Atysilla inscita

Scientific classification
- Kingdom: Animalia
- Phylum: Arthropoda
- Clade: Pancrustacea
- Class: Insecta
- Order: Coleoptera
- Suborder: Polyphaga
- Infraorder: Scarabaeiformia
- Family: Scarabaeidae
- Genus: Atysilla
- Species: A. inscita
- Binomial name: Atysilla inscita (Péringuey, 1904)
- Synonyms: Atys inscita Péringuey, 1904;

= Atysilla inscita =

- Genus: Atysilla
- Species: inscita
- Authority: (Péringuey, 1904)
- Synonyms: Atys inscita Péringuey, 1904

Species of beetle

Atysilla inscita is a species of beetle of the family Scarabaeidae. It is found in South Africa (Mpumalanga) and Zimbabwe.

== Description ==
Adults reach a length of about 10.5 mm.
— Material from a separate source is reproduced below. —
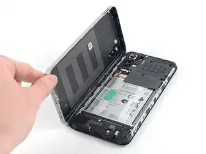 Пока не пытайтесь полностью снять заднюю крышку, так как она все еще подключена к телефону.

They are very similar to Atysilla hybrida, but the shape of the clypeal and frontal keels is different, the antennal club of the male is longer than the pedicel, the pronotum has a broad lateral impression on each side of the anterior part and the punctures are smaller and more closely set, and also slightly more cicatricose on the dorsal part. Also, the second abdominal segment is wider than the third, and the segments are more pubescent in the male than in the female.